Какие-то отголоски, отзвуки отголосков, потому что вряд ли кто-то мне мог это сказать, но находясь в этом месте, уже далеко от своего детства, я начала догадываться, что русских здесь не любят. Никто никогда со мной не говорил на эту тему, когда мы жили в Тарту, не предостерегал, но то, что на Певческом поле, оказывается, и вправду поют, я узнала уже много лет спустя. Когда иногда мне попадались журналы с фотографиями, где улыбчивые эстонки в рубахах, клетчатых юбках, в чепцах и полотенцах, украшающих причёску короной, пели народные песни. Почему я никогда не слышала эстонских песен, не видела этих улыбок и праздников, на том кадре мы стоим с моими русскими приятелями, внутри этого поля, окружённые концентрическими рядами пустых скамеек, и у Дениса неестественно подёрнуто, словно вывихнуто плечо.
Мама однажды уехала на Чудское озеро, изучать язык русских староверов. Где они, студенты филфака Тартуского университета, тоже были чужими. Жили неделю-две среди этих стариков, говоривших «идямши», «смотрямши», потомков неуничтоженных истинно русских людей, которых фашисты сажали на деревянные баркасы и топили. Они только после того, как приезжие предлагали старикам камфорное масло (растирать артритные суставы) ставили на утро вёдра с молоком и оставляли свежекопчённую рыбу…

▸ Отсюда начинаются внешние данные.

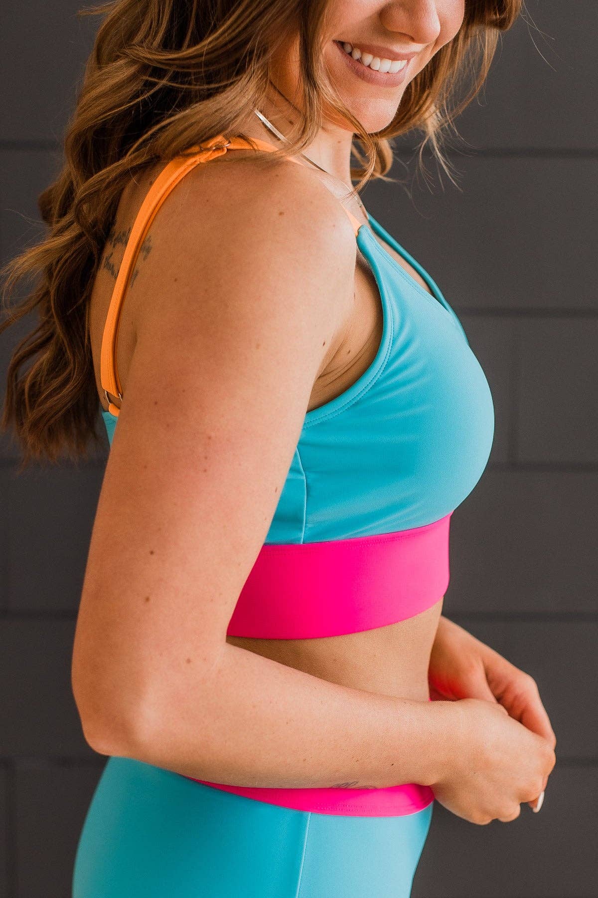 - Colors: Blue, Bright Pink, and Orange
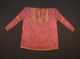 | Description / विवरण | The embroidered and designed cloth is an integral part of the history of Kashmir. The entire surface of the zari worked pharan is smooth and shown with designed pattern and embroidered decoration. |
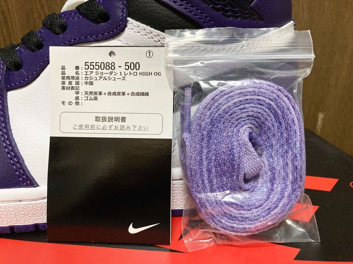 ナイキジャパン黒タグと替えヒモ【マーブルパープル】が付属します。
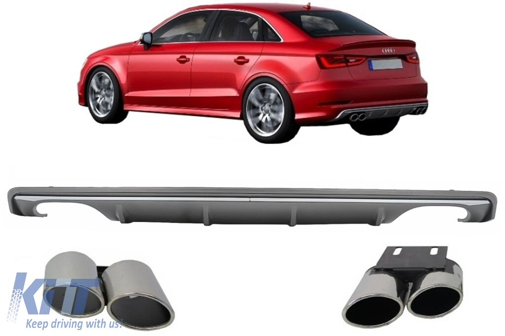 This assembly is meant to complete the S3 look of your A3 8V together with the double exhaust rear bumper diffuser. You will get the quad S3 look on your standard A3 8V.
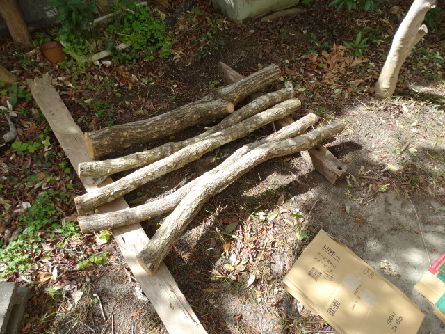 先日今年もシイタケ菌を打ちこみました^^これで三年連続です^^
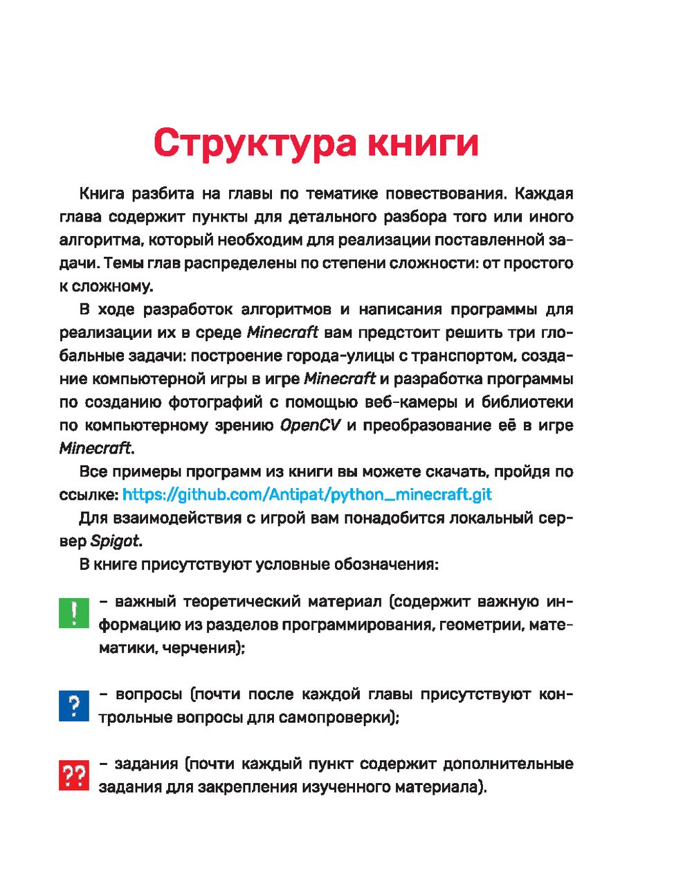 Книга "Python. Великое программирование в Minecraft" расскажет вам, как научиться программировать на языке Python, используя игру Minecraft. Изучать языки программирования не всегда тяжело и скучно.

Однажды она в тоске пересекала ратушную площадь, шла сдавать эстонский язык и увидела митинг и лозунги.
Экзамен явно проваливался, и вдруг экзаменатор спросила:
-- А вы знаете, какой сегодня день?
И мама стала машинально произносить то, что прочитала на флагах:
-- Eesti Vabariigiaa stap;ev….Eesti Eest
«Эстонцы, почему вы ненавидите нас?»
Много лет спустя по телевизору я увидела, как в студии ОРТ сидели чеченские женщины с детьми. И платки их были повязаны просто, буднично, конечно, не так, как у любимой женщины Дудаева. Видимо, это было уже в то время, когда случился Беслан и Дубровка, тем более захват роддома в Будённовске, когда люди Шамиля Басаева требовали остановить военные действия в Чечне и вступить в переговоры с Джохаром Дудаевым. В студии творилось что-то невообразимое. Все пытались вести себя сурово и сдержанно, стояла сухая бесслёзная тишина, сквозь неё и пыталось, как через мембрану, пробиться до этого непонятное мне чеченское горе. Дети говорили о том, что хотят мира, ещё немного, и кто-то из женщин обратился к нам, зрителям, я не помню её лица, уставшего, стёртого, она заплакала и тихо сказала:
«Русские, почему вы ненавидите нас?»
Кажется, дети тоже начали плакать.
И вот сегодня моя старшая дочь рассказала мне свой сон: как будто они с сестрой, вроде бы в Белоруссии стоят у окна с зелёными растениями, а мимо них пробегают по этажам бородатые мужики в балетных пачках. Они стали хохотать, а те подошли к ним и стали угрожать захватом. Дочери оказываются в каком-то помещении, среди заложников: паника, страх, ужас и им разрешили позвонить мне. Ника позвонила и сказала: «Мама, нас захватили. Не жди нас».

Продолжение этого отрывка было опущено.